__Extracted information__.
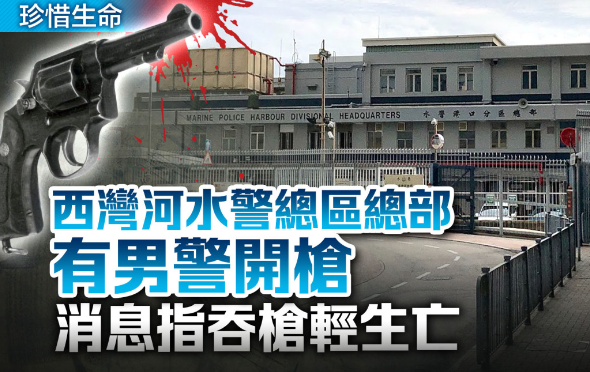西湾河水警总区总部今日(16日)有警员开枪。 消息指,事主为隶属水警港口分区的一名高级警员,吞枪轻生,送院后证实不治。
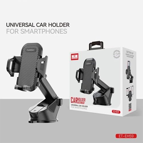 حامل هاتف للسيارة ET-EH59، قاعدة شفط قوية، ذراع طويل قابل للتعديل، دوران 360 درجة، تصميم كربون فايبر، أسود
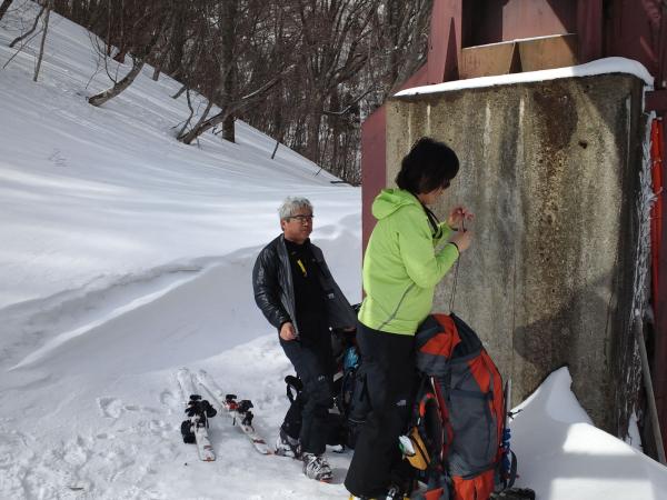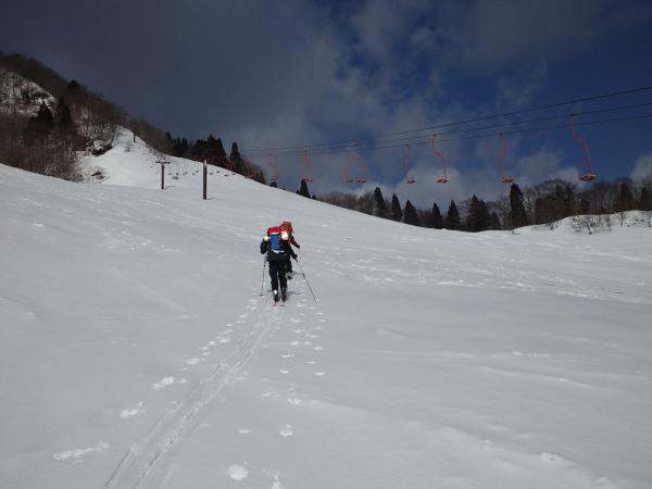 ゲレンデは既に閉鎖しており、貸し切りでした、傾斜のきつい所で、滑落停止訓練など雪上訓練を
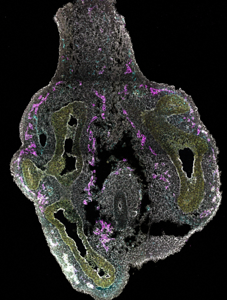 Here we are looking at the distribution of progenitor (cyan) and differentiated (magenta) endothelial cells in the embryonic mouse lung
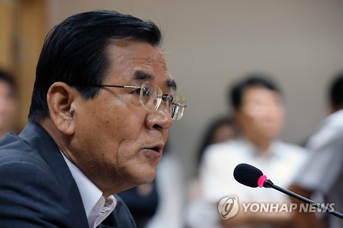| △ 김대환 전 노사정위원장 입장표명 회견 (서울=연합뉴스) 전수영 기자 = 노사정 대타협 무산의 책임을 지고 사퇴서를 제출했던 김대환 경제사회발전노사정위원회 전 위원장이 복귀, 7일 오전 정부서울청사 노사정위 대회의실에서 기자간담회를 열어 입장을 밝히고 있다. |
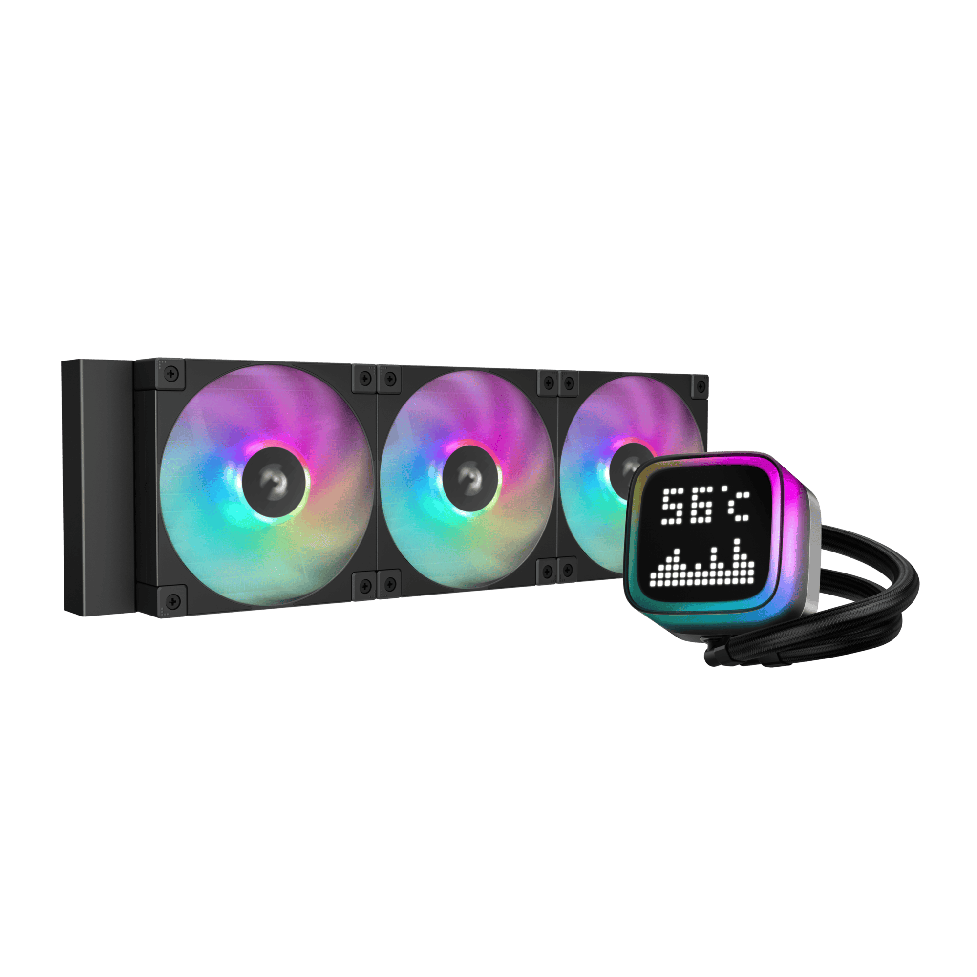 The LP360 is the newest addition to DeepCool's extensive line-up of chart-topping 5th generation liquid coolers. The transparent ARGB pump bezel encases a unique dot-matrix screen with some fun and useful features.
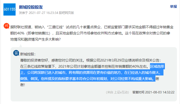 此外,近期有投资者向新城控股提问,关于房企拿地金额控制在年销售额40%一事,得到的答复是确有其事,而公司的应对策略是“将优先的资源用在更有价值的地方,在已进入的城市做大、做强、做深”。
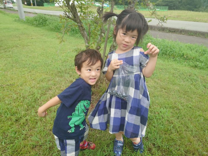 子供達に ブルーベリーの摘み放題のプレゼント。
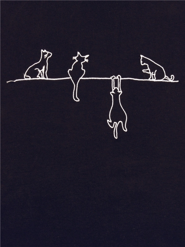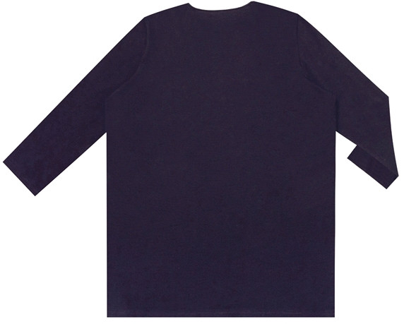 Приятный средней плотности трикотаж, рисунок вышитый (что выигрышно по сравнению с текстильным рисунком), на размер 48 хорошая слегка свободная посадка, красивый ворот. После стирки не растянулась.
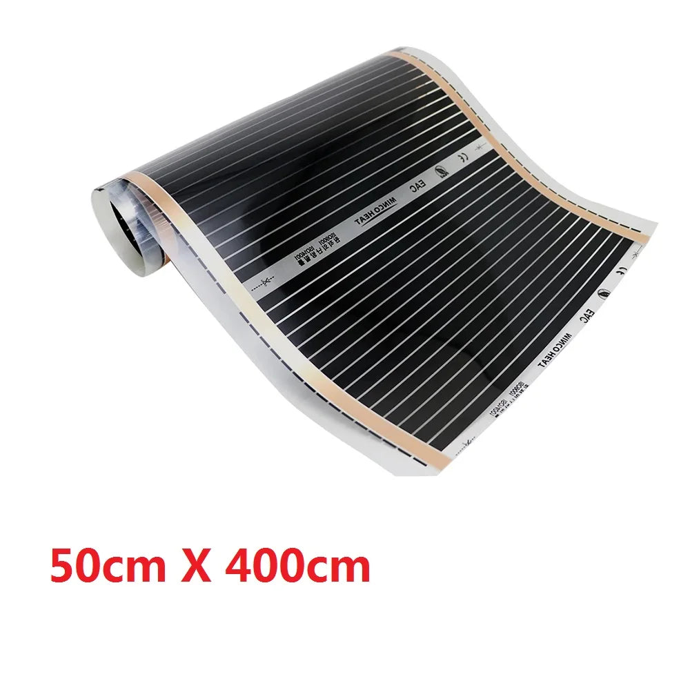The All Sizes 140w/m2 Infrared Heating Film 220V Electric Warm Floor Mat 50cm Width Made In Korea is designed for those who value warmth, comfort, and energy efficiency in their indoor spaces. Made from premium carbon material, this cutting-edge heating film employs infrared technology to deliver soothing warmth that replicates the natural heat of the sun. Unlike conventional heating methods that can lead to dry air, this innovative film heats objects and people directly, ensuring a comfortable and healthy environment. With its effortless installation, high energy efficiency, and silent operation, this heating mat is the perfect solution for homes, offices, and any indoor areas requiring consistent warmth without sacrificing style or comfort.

__Work task__.
Look through the material above. Transcribe exactly the lines between the ones with "子供達に ブルーベリーの摘み放題のプレゼント。" and "Приятный средней плотности", inclusive, and keep pictures out.

__Solution to this task__.
 子供達に ブルーベリーの摘み放題のプレゼント。
 Приятный средней плотности трикотаж, рисунок вышитый (что выигрышно по сравнению с текстильным рисунком), на размер 48 хорошая слегка свободная посадка, красивый ворот. После стирки не растянулась.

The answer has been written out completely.